**Source material:**
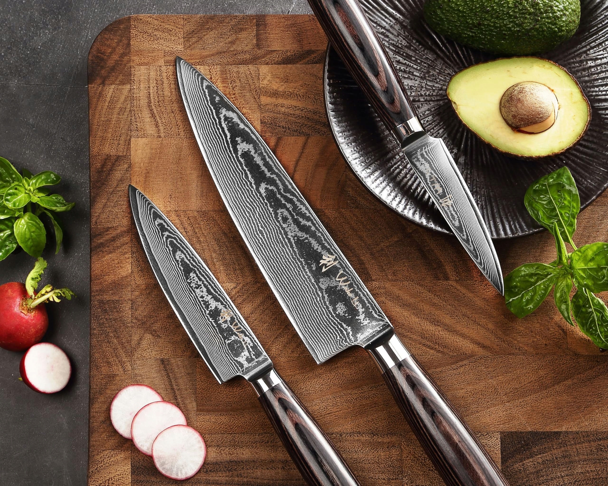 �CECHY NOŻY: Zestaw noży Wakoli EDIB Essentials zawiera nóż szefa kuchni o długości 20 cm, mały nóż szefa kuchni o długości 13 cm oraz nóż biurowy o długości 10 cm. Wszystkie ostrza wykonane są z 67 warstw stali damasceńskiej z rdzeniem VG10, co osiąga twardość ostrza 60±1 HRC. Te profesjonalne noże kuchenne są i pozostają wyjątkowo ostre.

* * *

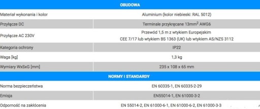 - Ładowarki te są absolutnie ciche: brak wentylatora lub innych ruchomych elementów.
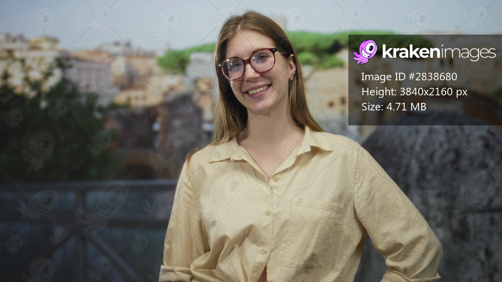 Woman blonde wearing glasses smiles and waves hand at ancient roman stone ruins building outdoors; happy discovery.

---

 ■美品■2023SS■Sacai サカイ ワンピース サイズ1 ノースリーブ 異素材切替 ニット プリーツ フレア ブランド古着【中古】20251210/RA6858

**Task prompt:**
Please copy out from the data above, without any picture, exactly the lines running from the one that holds "- Ładowarki te" through the one that holds "Woman blonde wearing", and nothing beyond them.

**Output below:**
 - Ładowarki te są absolutnie ciche: brak wentylatora lub innych ruchomych elementów.
 Woman blonde wearing glasses smiles and waves hand at ancient roman stone ruins building outdoors; happy discovery.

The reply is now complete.